Sorry. I think I still didn't understand what advantages to use
lazbuild instead of IDE>Build

my bad, too... i was uncorrect saying "no" above... yes, "make clean all" is how you start from fresh and build all tools clean... i was trying to say "no" because "make clean" should already be run before "svn up" and so then "make all" is all that should be needed at that point...

advantages?

1. perform all update tasks from command line
2. no need to perform steps manually

at least those two... with what i've been doing, the goal has been to type "updatelaz" at the command line and then return some minutes later to find at least one shiny new lazarus.exe... with the current methods, there's four shiny new exe's with one chosen one being duplicated to the current lazarus.exe you want to run...

We use "make clean all", get a default IDE and recompile again using
pcp param to restart all configurations, components, etc. But I have
to compile twice. Am I right?

yes, there is that but if "make all" is not used, the one must know and call
all of the necessary make targets without the IDE one to get all the tools
built...

And lazbuild do this, i.e., build ALL tools, sources and IDE (of course)?

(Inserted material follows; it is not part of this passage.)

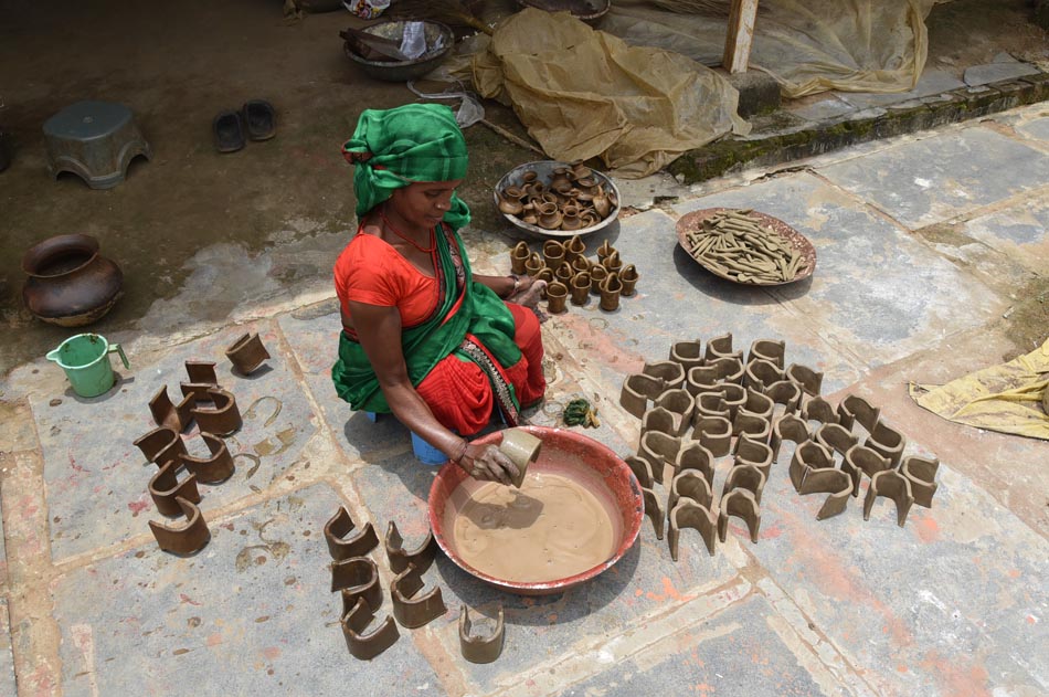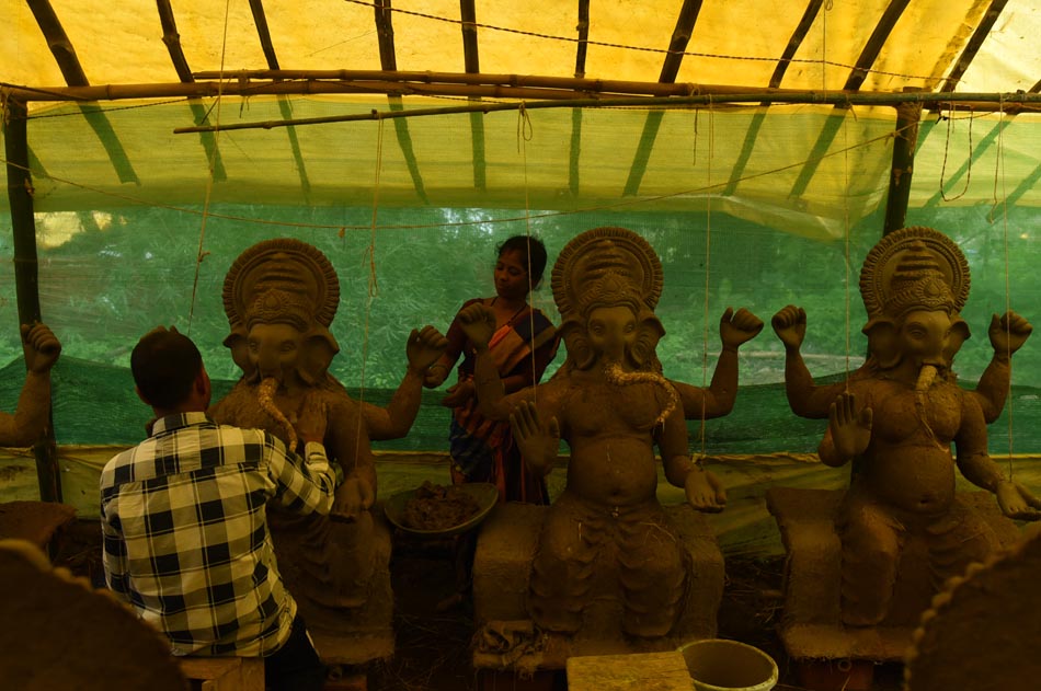 A visit to a contemporary artisan’s workshop reveals that today’s potters also create decorative objects for home décor, including lamps and tribal and animal figurines. While toys were not commonly produced by earlier artisans, contemporary makers have begun designing them to access new markets and improve their livelihoods. During Ganesh Puja, many artisans can also be seen engaged in making life-sized idols of Lord Ganesha.

i've not dug that deep into the multi-megabyte logs i've been generating but if memory serves, the tools are built with "make all" after "svn up"... i don't think they are built again after that... startlazarus might be but it should not be necessary... a quick peek at my (currently running) process shows that startlazarus is built when the default default lazarus.exe is built which is during "make all"...

In 99,9% of all svn revisions it is enough to rebuild the IDE via the
IDE.

that's what my discussions in the "lazbuild build IDE profiles" thread are
all about... why have to manually go into the IDE to build a new IDE after a
svn update?? i start my "updatelaz" script which cleans the dirs, updates
from svn, and then does the building of the tools and lazarus... now that
things are working better, i can go have a cuppa' joe while everything does
all its churning and burning... on this particular workstation, that's about
30 minutes or so... maybe more... maybe less...

OK, I see at least one advantage to use lazbuild now: I can have ONE
big script that clear, update and compile all sources and tools.

yes :) but it need not be all that "big"... mine is currently 5kb plus a small kickstarter script for redirection capabilities but that's because it "beautifies" the redirection output with section headers and echoed command lines... strictly speaking, with no beautification or errorlevel checking, there's only three or four lines that do all the work plus one copy line... that give one default default exe and one personalized one...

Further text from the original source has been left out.